With increasing awareness of sugar addiction, many treatment options have become available. Professionals now promote their services in treating this disorder. Treatment centers that include group therapy for sugar addiction also are available.

Prevention

Curbing sugar addiction involves both the individual and society. Even those skeptical of this addiction agree that most persons consume far too much sugar and that this overconsumption contributes to many health problems. Evolution has not prepared the human body to handle an average intake of 150 to 300 pounds of sugar each year. Several states in the United States have failed in their attempts to put a tax on sugary soft drinks. In concept, the prevention of sugar addiction is simple: drastically reduce sugar consumption. In reality, though, individuals and societies rarely manage to accomplish this.

Bibliography

Ahmed, Serge H., Karine Guillem, and Youna Vandaele. "Sugar Addiction: Pushing the Drug-Sugar Analogy to the Limit." Current Opinion in Clinical Nutrition and Metabolic Care 16.4 (2013): 434–39. Print.

Appleton, Nancy, and G. N. Jacobs. Suicide by Sugar: A Startling Look at Our #1 National Addiction. Garden City Park: Square One, 2009. Print.

Avena, Nicole M., Pedro Rada, and Bartley G. Hoebel. “Evidence for Sugar Addiction: Behavioral and Neurochemical Effects of Intermittent, Excessive Sugar Intake.” Neuroscience & Biobehavioral Reviews 32.1 (2008): 20–39. Print.

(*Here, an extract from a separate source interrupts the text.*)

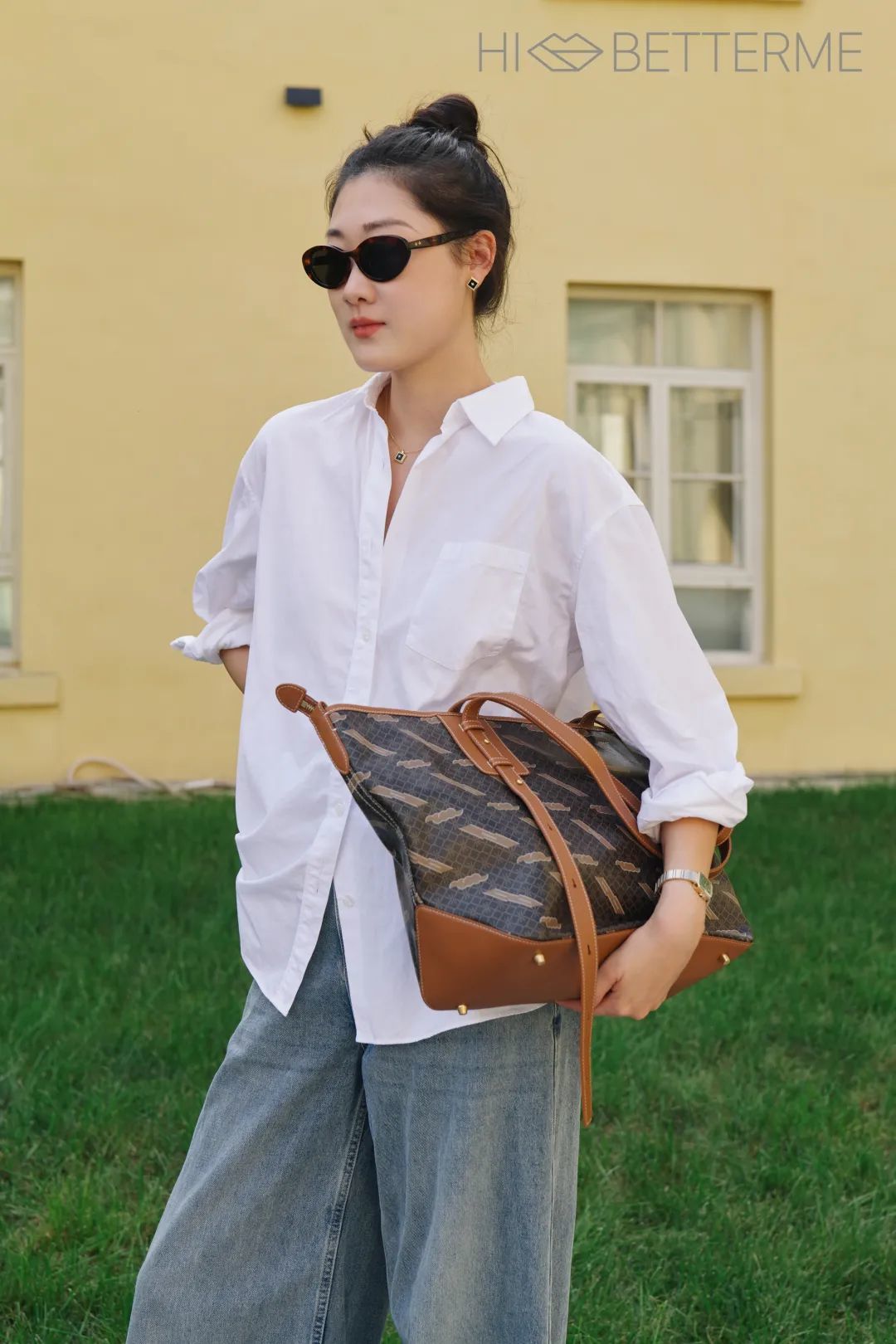 配上能装下整个世界的经典托特包型,很有见过天地之大,依然故我的洒脱劲儿。

Bennett, Connie, and Stephen T. Sinatra. Sugar Shock! How Sweets and Simple Carbs Can Derail Your Life—and How You Can Get Back on Track. New York: Berkley, 2007. Print.

Macinnis, Peter. Bittersweet: The Story of Sugar. Crows Nest: Allen, 2002. Print.

Mintz, Sidney W. Sweetness and Power: The Place of Sugar in Modern History. New York: Viking, 1985. Print.

Olsen, Christopher M. "Natural Rewards, Neuroplasticity, and Non-drug Addictions." Neuropharmacology 61.7 (2011): 1109–22. Print.

Yudkin, John. Pure, White, and Deadly: How Sugar Is Killing Us and What We Can Do to Stop It. Rev. ed. 1986. New York: Penguin, 2013. Print.